Deductible Medical Expense subject to the 7.5% floor. (Sorry, no deduction for the value of the organ!)

Organ Transplants

Deductible Medical Expense subject to the 7.5% floor.

Original Issue Discount

Original issue discount, or "OID," is a discount from par value at the time a bond is issued. OID is taxable as ordinary income as it "accretes," over the life of the bond, even if no interest is actually paid. This accretion increases your basis for figuring gain or loss on a sale.

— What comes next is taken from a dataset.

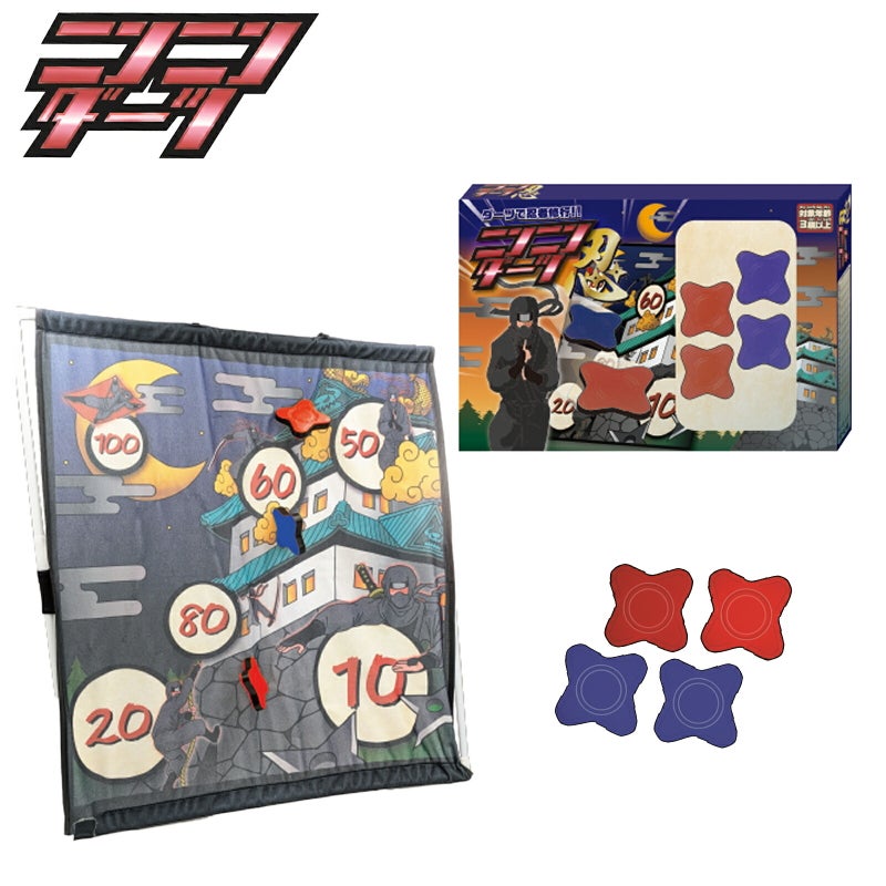 掛け軸型のダーツボードに高得点の的を狙って手裏剣を投げる人気玩具。ダーツで忍者修行ができるおもちゃです。夏祭りや縁日の景品、くじ引き、イベント、誕生日プレゼントやお祝いなど、幅広いシーンで喜ばれるアイテムです。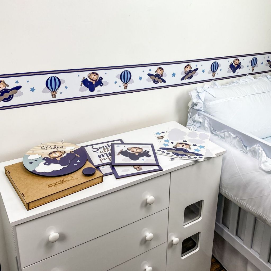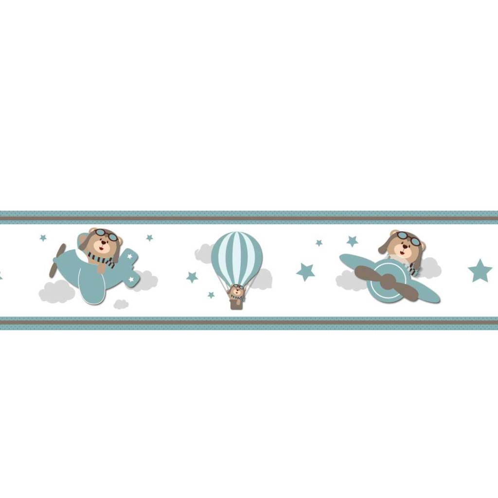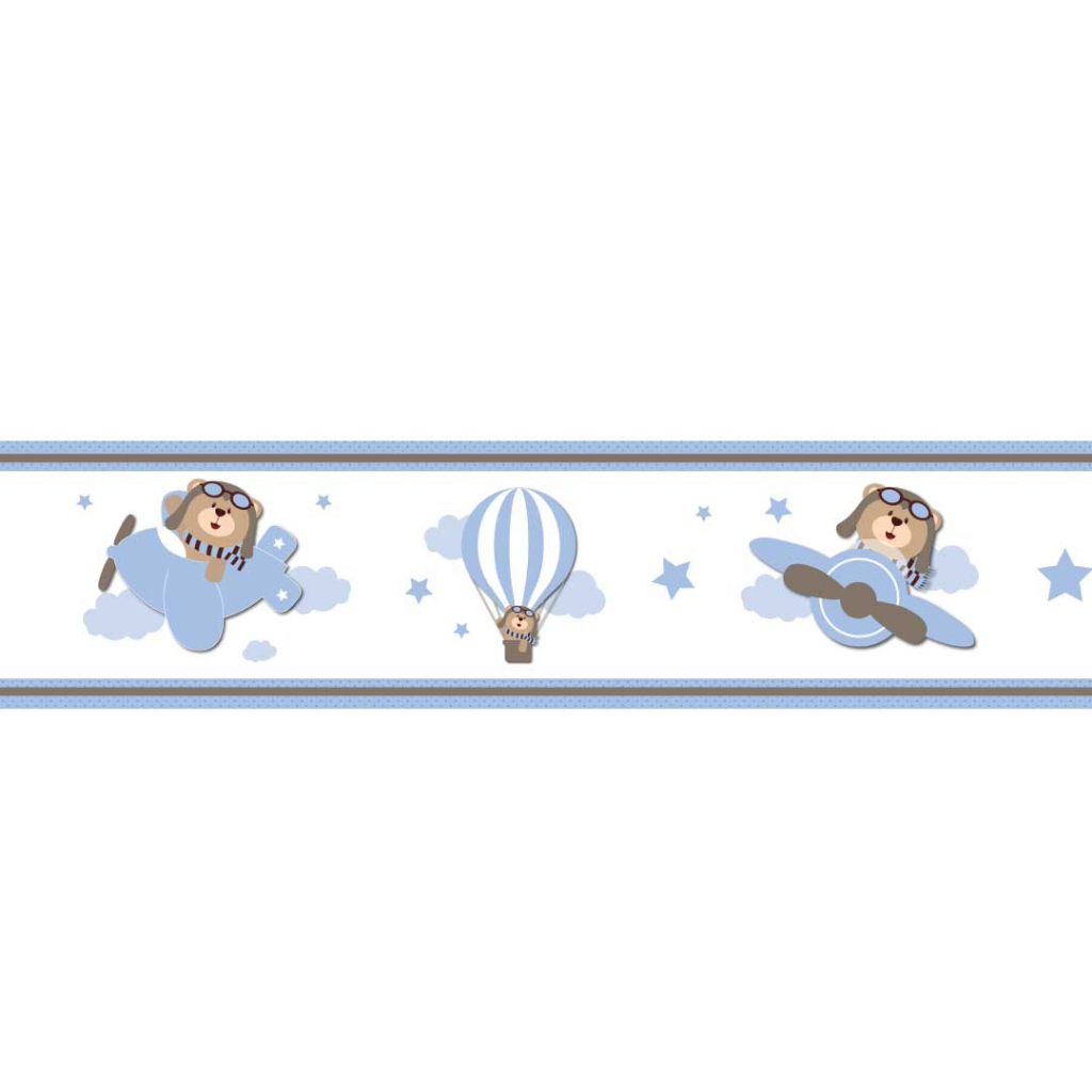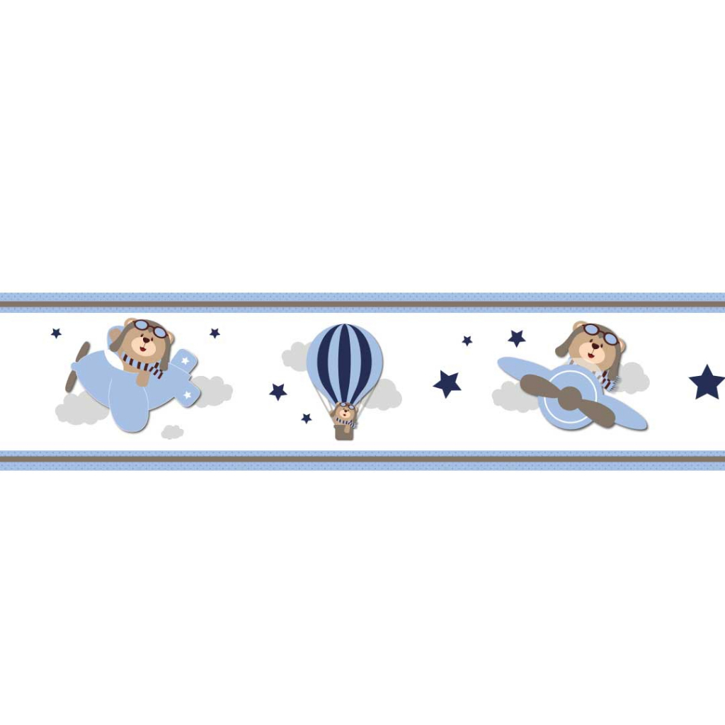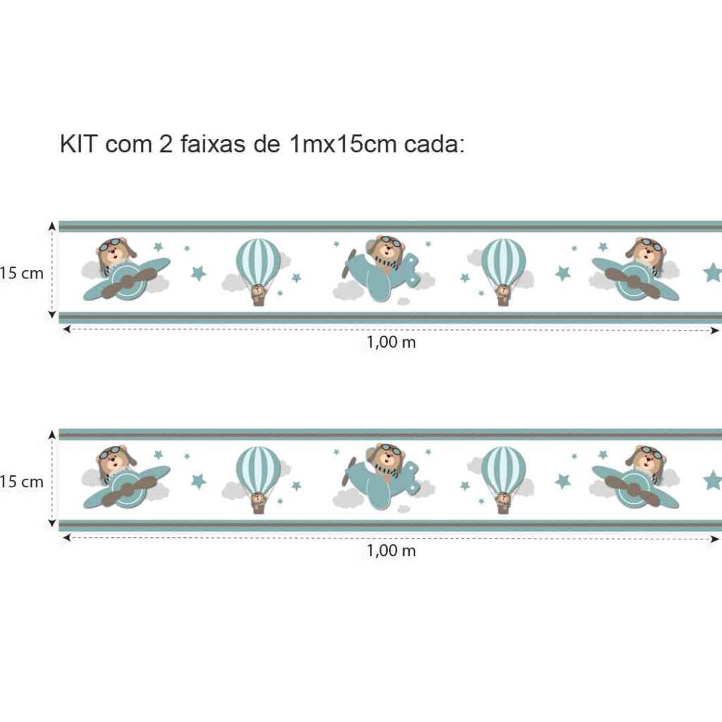 2 Faixas Adesiva Decorativa De Parede Urso Aviador Ursinho Baloeiro Infantil

Example: In 2003, you pay $900 for a bond paying $50 per year and maturing in ten years at $1,000. You'll owe tax each year on $50 of ordinary interest plus $10 of accreted OID. If you sell the bond in five years for $960, you'll owe tax on $10 of capital gain: $960 (your sale price) minus $900 (your original basis) minus an additional $50 (the cumulative accreted OID).

Orthodontics

Deductible Medical Expense subject to the 7.5% floor.

Orthopedic Furniture

Deductible Medical Expense, subject to the 7.5% floor, to the extent it costs more than regular furniture.

Orthopedic Shoes a

Deductible Medical Expense, subject to the 7.5% floor, to the extent they cost more than regular shoes.

Osteopath

Deductible Medical Expense subject to the 7.5% floor.

Over-the-Counter Drugs

Over-the-counter drugs are a nondeductible personal expense, even if your doctor writes a prescription for the drug. However, they qualify for tax-free reimbursement from a Medical Expense Reimbursement Plan or Health Savings Account.

Oxygen Equipment

Deductible Medical Expense subject to the 7.5% floor.